INSTRUCTIONS TO FOLLOW:
In your copy, leave out the pictures and reproduce the listing below exactly.

DATA FOR THIS EXERCISE:
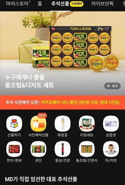 올 해는 어떤 선물이 유행하는 지도 알아봐야겠지만, 추석 같은 명절에는 과일 말고도 한우 같은 고기류나 통조림, 식용유 같은 부담 없는 선물세트도 시장에 많이 나와있으니 이런 제품들도 미리 카카오톡 모바일 상품권으로 사두는 것이 좋을 것 같다.
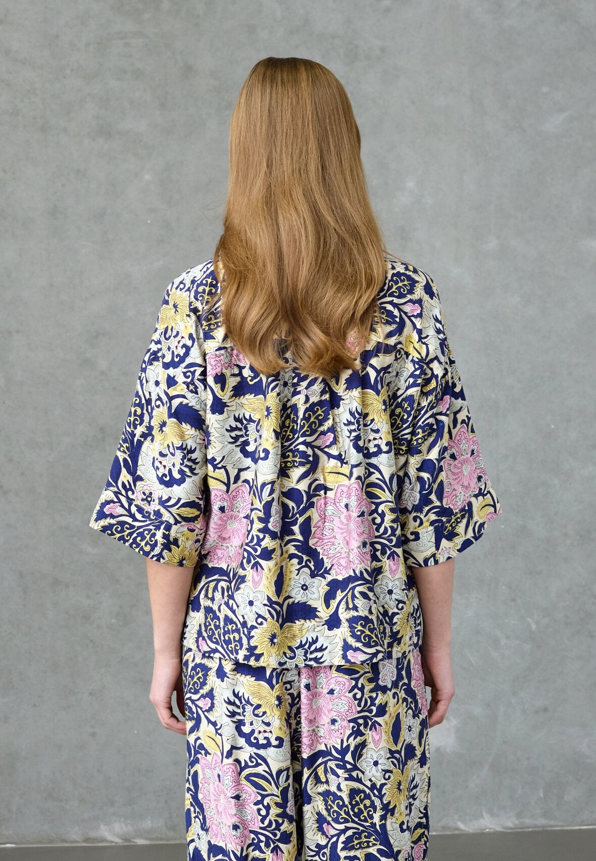 Skjorta från Love & Divine i mörkblå och blå nyanser med paisley- och blommönster. Skjortan har en oversize passform, trekvartsärmar och klassisk krage med knappstängning.
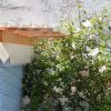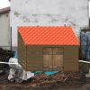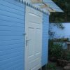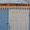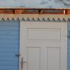 Zur Verzierung habe ich rundherum gezacktes Holz angebracht, das ich vorher weiss lackiert habe. Die Tür wurde ebenfalls frischlackiert, die Holzhütte selbst in einem zum Haupthaus passenden Farbton.
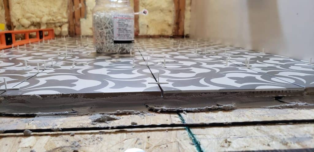 We knew with the wire we would have to add some extra cement on the floor. But what we didn’t expect was how long it would take to dry. The cement jug stated 24 to 72 hours…73 hours later and our tiles were still moving and one actually popped right off…
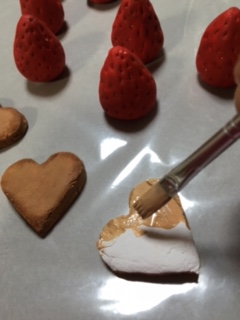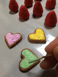 3:イチゴと型抜きしたクッキーに色を塗っていきます。
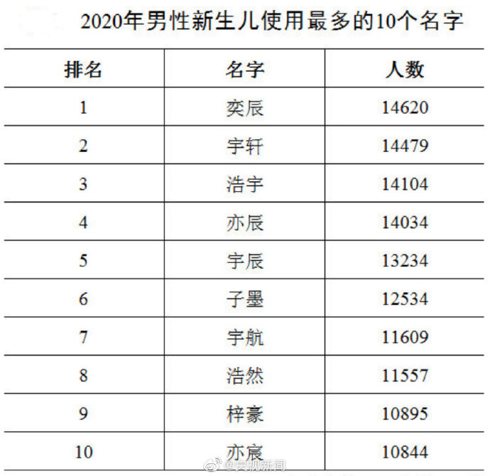 (原标题第一批“20后”李家的娃最多去年新生儿男孩喜欢叫“奕辰”,女孩最爱叫“一诺”)
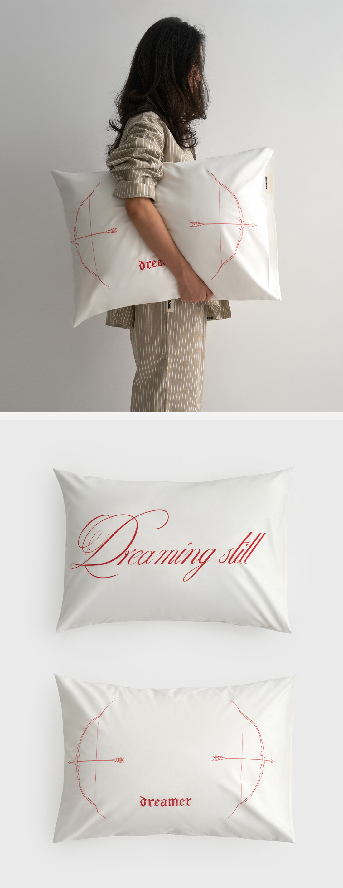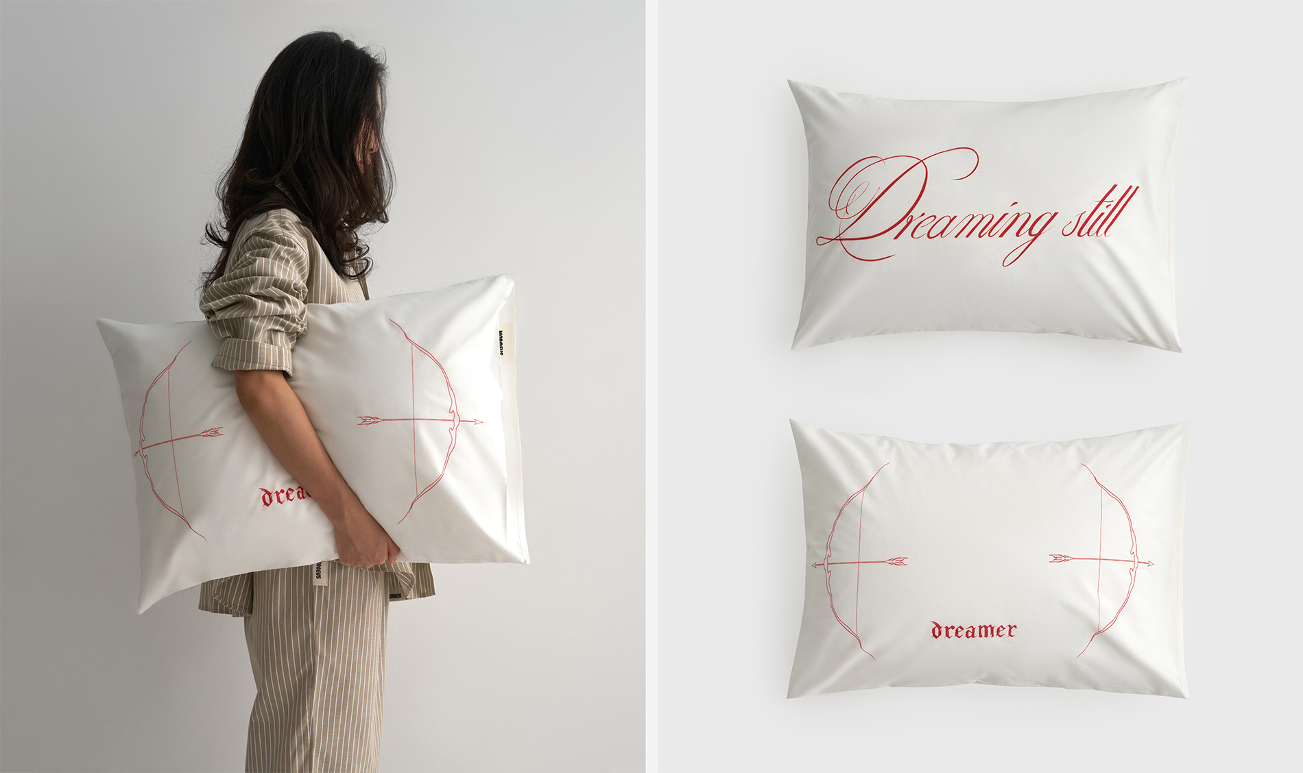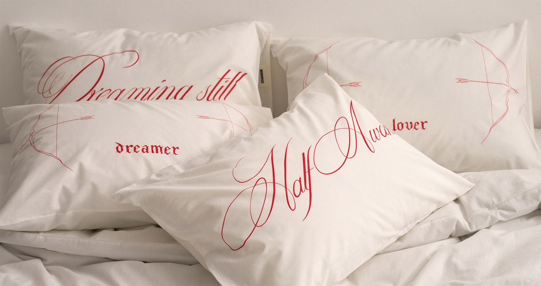 Представляем коллаборацию Dreamers с главным тату-артистом Москвы Ульяной Абизяевой. Это наволочки из натурального шёлка и варёного хлопка с тонкими надписями и графикой красного цвета. Они — про ежедневное удовольствие засыпать рядом с любимым человеком.
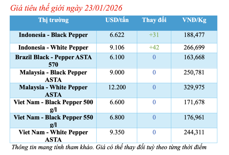 Cụ thể, giá tiêu đen Lampung của Indonesia được niêm yết ở mức 6.622 USD/tấn, tăng nhẹ 31 USD/tấn so ngày hôm qua.
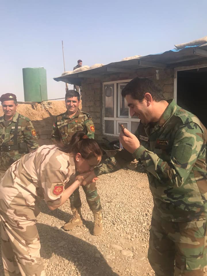 وأرفقت مزان صور تقبيلها لأيادي مقاتلي “البشمركة”، بتعليق قالت فيه: “أنا أقوم بزيارة تفقدية لقوات البيشمركة في جبهات القتال كنت أصر على تقبيل أياديهم واحدا واحدا رغم رفضهم الكبير”.
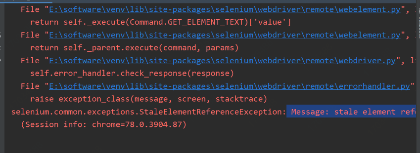Message: stale element reference: element is not attached to the page document
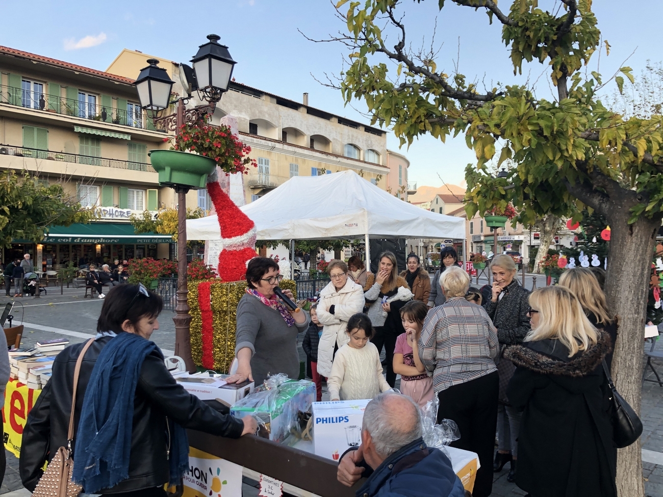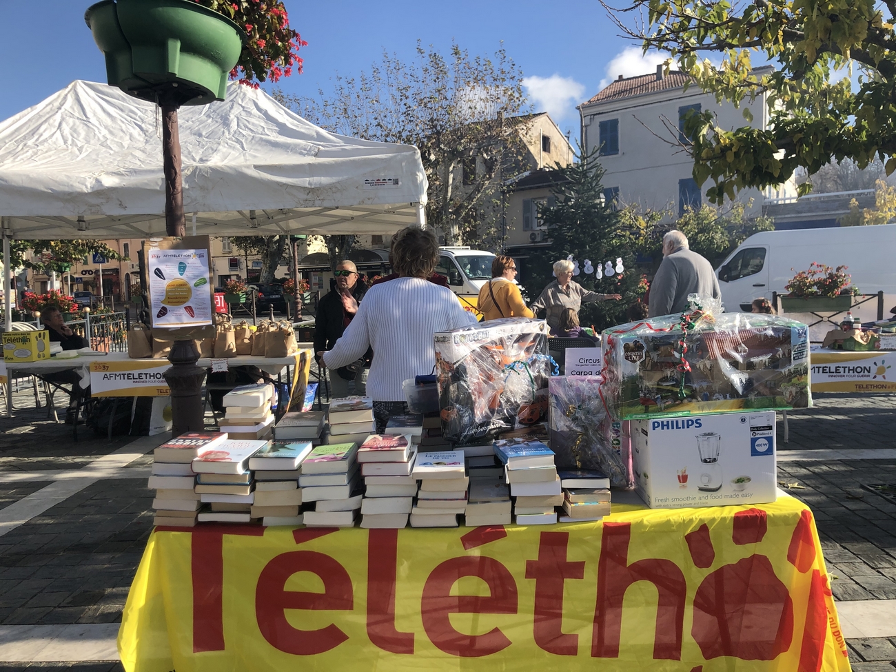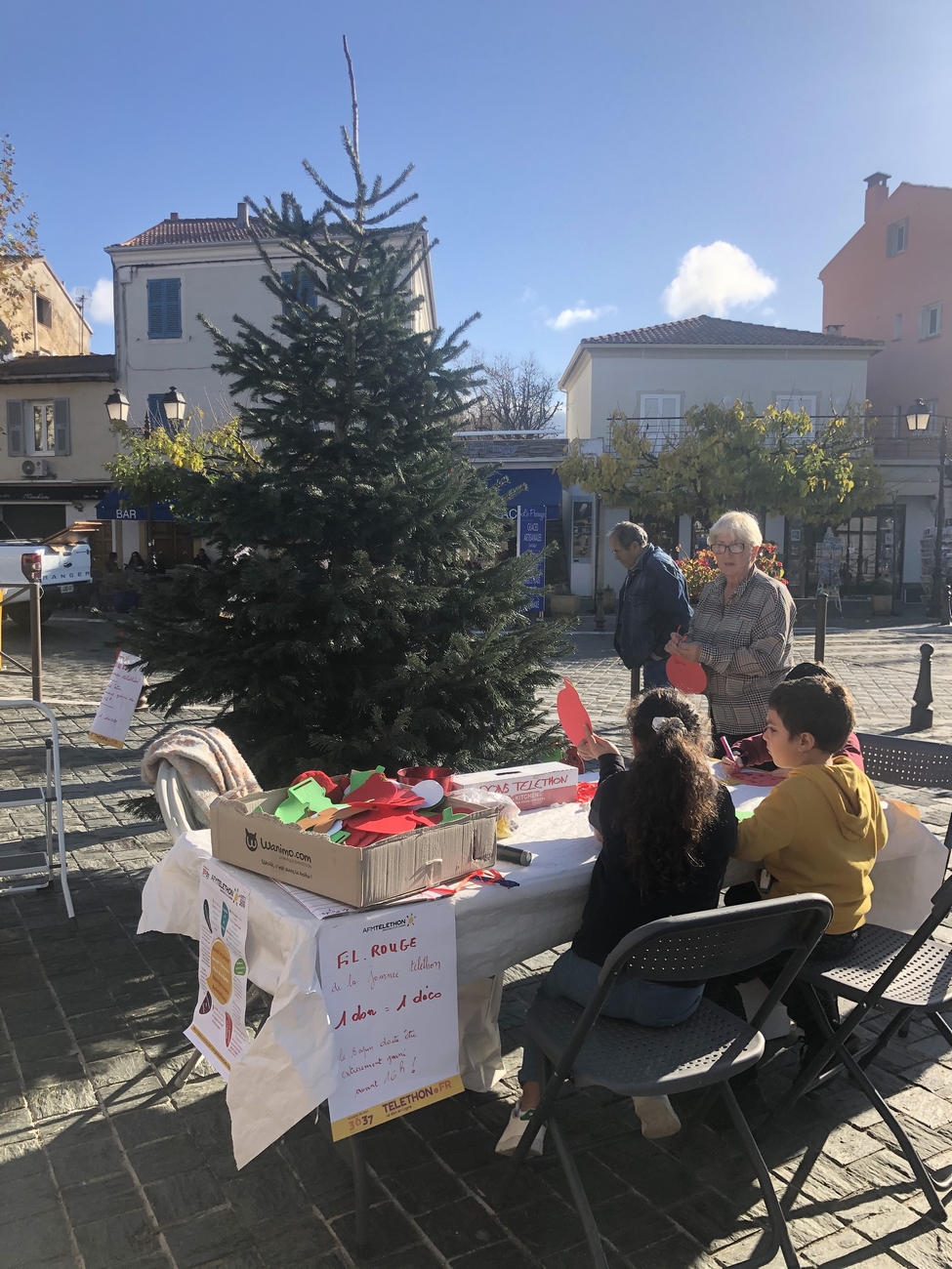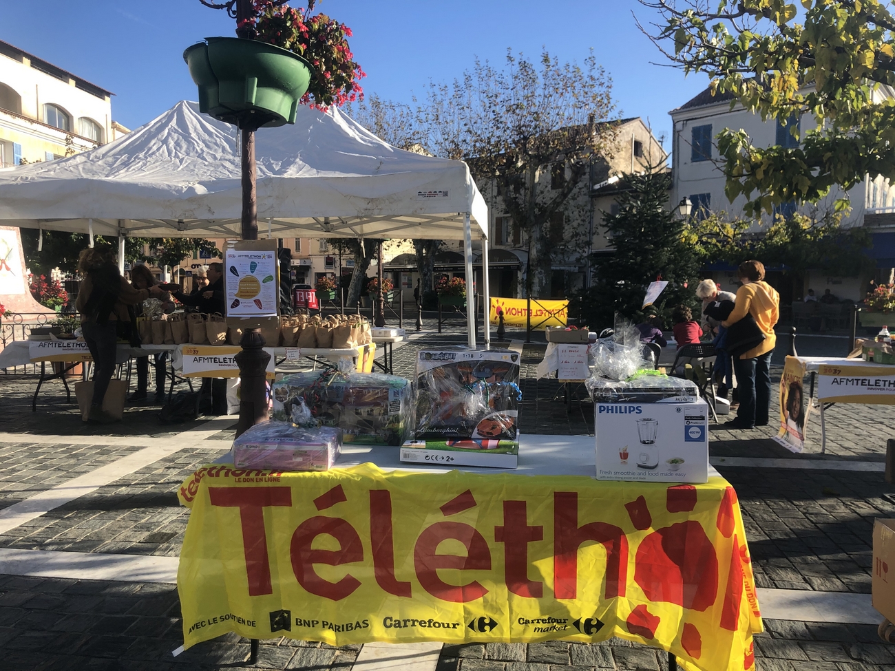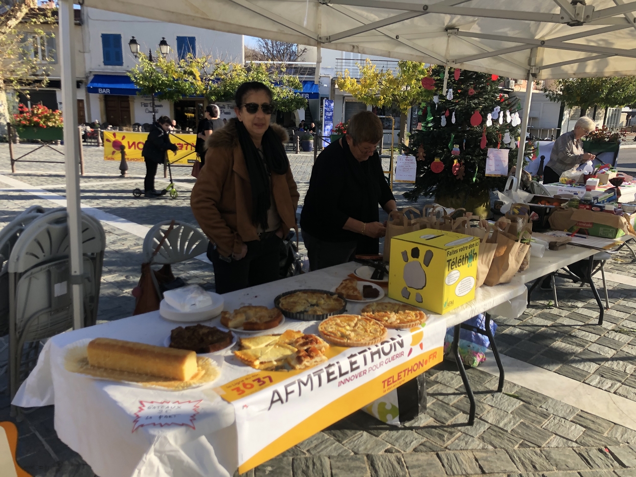 La journée de samedi s’est déroulée sous un grand soleil et les bénévoles du Téléthon et de l’association « Animations et culture » ont œuvré toute la journée pour vendre des clémentines et des gâteaux généreusement offerts.
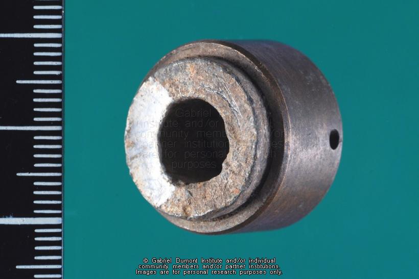 This image (by Peter Beszterda) is of an unknown brass and lead item. It was collected by Dennis and Jean Fisher and their sons in the late 1960s or early 1970s from Batoche. It is part of the Dennis and Jean Fisher Collection. This collection contains archaeological artifacts taken from the battlefields of the 1885 Resistance as well as Fort Pitt (Saskatchewan), Cumberland House (Saskatchewan) and St. Peter’s Mission, Montana. The collection also includes various artifacts and ephemera relating to the 1885 Resistance and Gabriel Dumont. |
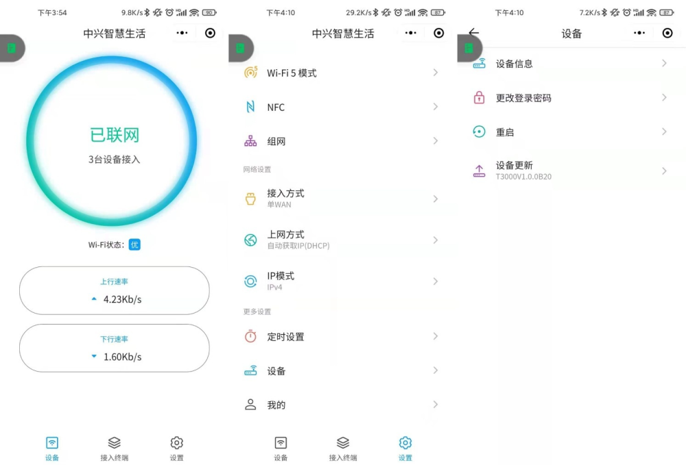 移动电话末端的用户也可以使用“ 中智力生命” 小程序控制路由器状态。 小程序比WEB管理页面的设置功能更少,但界面设计也比较简单,使用户能够配置无线、无线、无线、5号模式,供客人使用自己的无线网络。
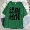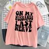 On My Husbands Last Nerve T-Shirt Damen Baumwolle Lässig Atmungsaktiv T-Shirt Fashion Street Kurzarm Übergroßes Weiches T-Shirt
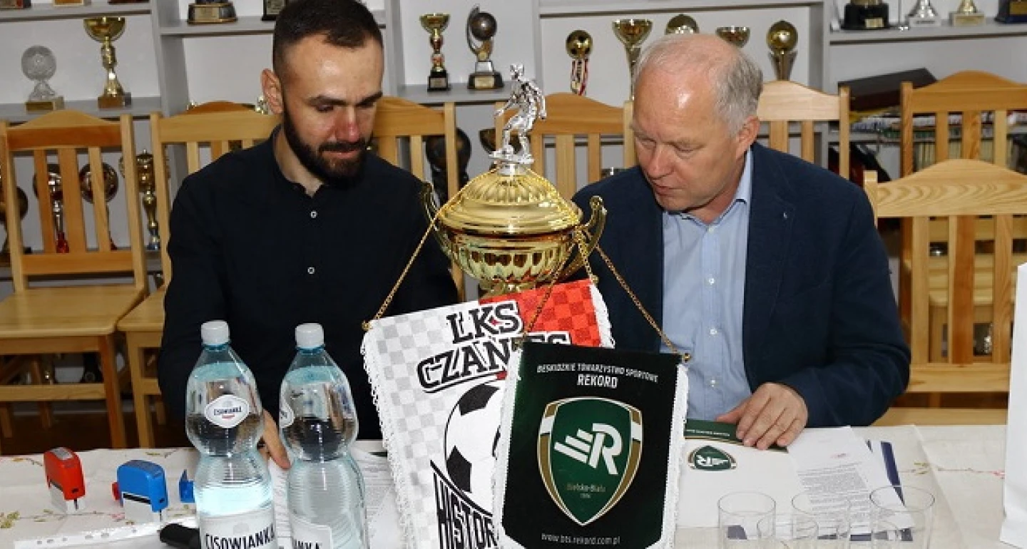 Tak było w czasach występów w „okręgówce”, czwartej i trzeciej lidze, tak jest nadal w zmaganiach pucharowych w bielskim podokręgu Śląskiego ZPN. Nadeszła jednak pora, by wyjść poza ramy dotychczasowej rywalizacji, czas współpracy i współdziałania. Sobotni sparing drużyn seniorskich stał się doskonałą okazją do podpisania przez prezesów obu klubów – Janusza Szymurę i Mateusza Waligórę (na zdjęciu w trakcie parafowania), partnerskiej umowy. Jej pierwszym symptomem był wspomniany mecz kontrolny, drugim, równie konkretnym – czasowy transfer, wypożyczenie Macieja Marka do czwartoligowca. O pozostałych, niemniej istotnych szczegółach w filmowym materiale Rekord TV.
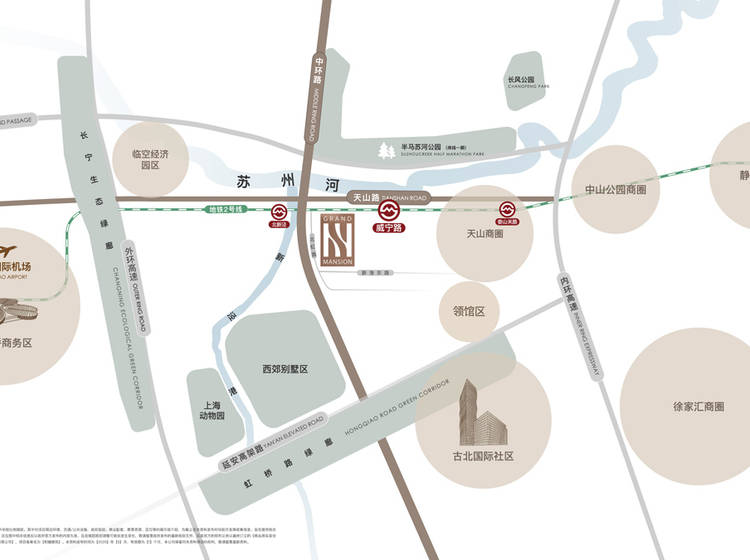 【内环路】快速通达徐汇滨江、陆家嘴、上海站、虹口足球场等经济、文化、商业的核心地带【地铁2号线】直线距离威宁路站约800m,北新泾站约200m,东向2站中山公园,4站静安寺,6站人广,9站陆家嘴,直抵浦东国际机场,西向3站虹桥2号航站楼,4站虹桥火车站,是上海名副其实的国际线

EXPECTED ANSWER:
 올 해는 어떤 선물이 유행하는 지도 알아봐야겠지만, 추석 같은 명절에는 과일 말고도 한우 같은 고기류나 통조림, 식용유 같은 부담 없는 선물세트도 시장에 많이 나와있으니 이런 제품들도 미리 카카오톡 모바일 상품권으로 사두는 것이 좋을 것 같다.
 Skjorta från Love & Divine i mörkblå och blå nyanser med paisley- och blommönster. Skjortan har en oversize passform, trekvartsärmar och klassisk krage med knappstängning.
 Zur Verzierung habe ich rundherum gezacktes Holz angebracht, das ich vorher weiss lackiert habe. Die Tür wurde ebenfalls frischlackiert, die Holzhütte selbst in einem zum Haupthaus passenden Farbton.
 We knew with the wire we would have to add some extra cement on the floor. But what we didn’t expect was how long it would take to dry. The cement jug stated 24 to 72 hours…73 hours later and our tiles were still moving and one actually popped right off…
 3:イチゴと型抜きしたクッキーに色を塗っていきます。
 (原标题第一批“20后”李家的娃最多去年新生儿男孩喜欢叫“奕辰”,女孩最爱叫“一诺”)
 Представляем коллаборацию Dreamers с главным тату-артистом Москвы Ульяной Абизяевой. Это наволочки из натурального шёлка и варёного хлопка с тонкими надписями и графикой красного цвета. Они — про ежедневное удовольствие засыпать рядом с любимым человеком.
 Cụ thể, giá tiêu đen Lampung của Indonesia được niêm yết ở mức 6.622 USD/tấn, tăng nhẹ 31 USD/tấn so ngày hôm qua.
 وأرفقت مزان صور تقبيلها لأيادي مقاتلي “البشمركة”، بتعليق قالت فيه: “أنا أقوم بزيارة تفقدية لقوات البيشمركة في جبهات القتال كنت أصر على تقبيل أياديهم واحدا واحدا رغم رفضهم الكبير”.
Message: stale element reference: element is not attached to the page document
 La journée de samedi s’est déroulée sous un grand soleil et les bénévoles du Téléthon et de l’association « Animations et culture » ont œuvré toute la journée pour vendre des clémentines et des gâteaux généreusement offerts.
 This image (by Peter Beszterda) is of an unknown brass and lead item. It was collected by Dennis and Jean Fisher and their sons in the late 1960s or early 1970s from Batoche. It is part of the Dennis and Jean Fisher Collection. This collection contains archaeological artifacts taken from the battlefields of the 1885 Resistance as well as Fort Pitt (Saskatchewan), Cumberland House (Saskatchewan) and St. Peter’s Mission, Montana. The collection also includes various artifacts and ephemera relating to the 1885 Resistance and Gabriel Dumont. |
 移动电话末端的用户也可以使用“ 中智力生命” 小程序控制路由器状态。 小程序比WEB管理页面的设置功能更少,但界面设计也比较简单,使用户能够配置无线、无线、无线、5号模式,供客人使用自己的无线网络。
 On My Husbands Last Nerve T-Shirt Damen Baumwolle Lässig Atmungsaktiv T-Shirt Fashion Street Kurzarm Übergroßes Weiches T-Shirt
 Tak było w czasach występów w „okręgówce”, czwartej i trzeciej lidze, tak jest nadal w zmaganiach pucharowych w bielskim podokręgu Śląskiego ZPN. Nadeszła jednak pora, by wyjść poza ramy dotychczasowej rywalizacji, czas współpracy i współdziałania. Sobotni sparing drużyn seniorskich stał się doskonałą okazją do podpisania przez prezesów obu klubów – Janusza Szymurę i Mateusza Waligórę (na zdjęciu w trakcie parafowania), partnerskiej umowy. Jej pierwszym symptomem był wspomniany mecz kontrolny, drugim, równie konkretnym – czasowy transfer, wypożyczenie Macieja Marka do czwartoligowca. O pozostałych, niemniej istotnych szczegółach w filmowym materiale Rekord TV.
 【内环路】快速通达徐汇滨江、陆家嘴、上海站、虹口足球场等经济、文化、商业的核心地带【地铁2号线】直线距离威宁路站约800m,北新泾站约200m,东向2站中山公园,4站静安寺,6站人广,9站陆家嘴,直抵浦东国际机场,西向3站虹桥2号航站楼,4站虹桥火车站,是上海名副其实的国际线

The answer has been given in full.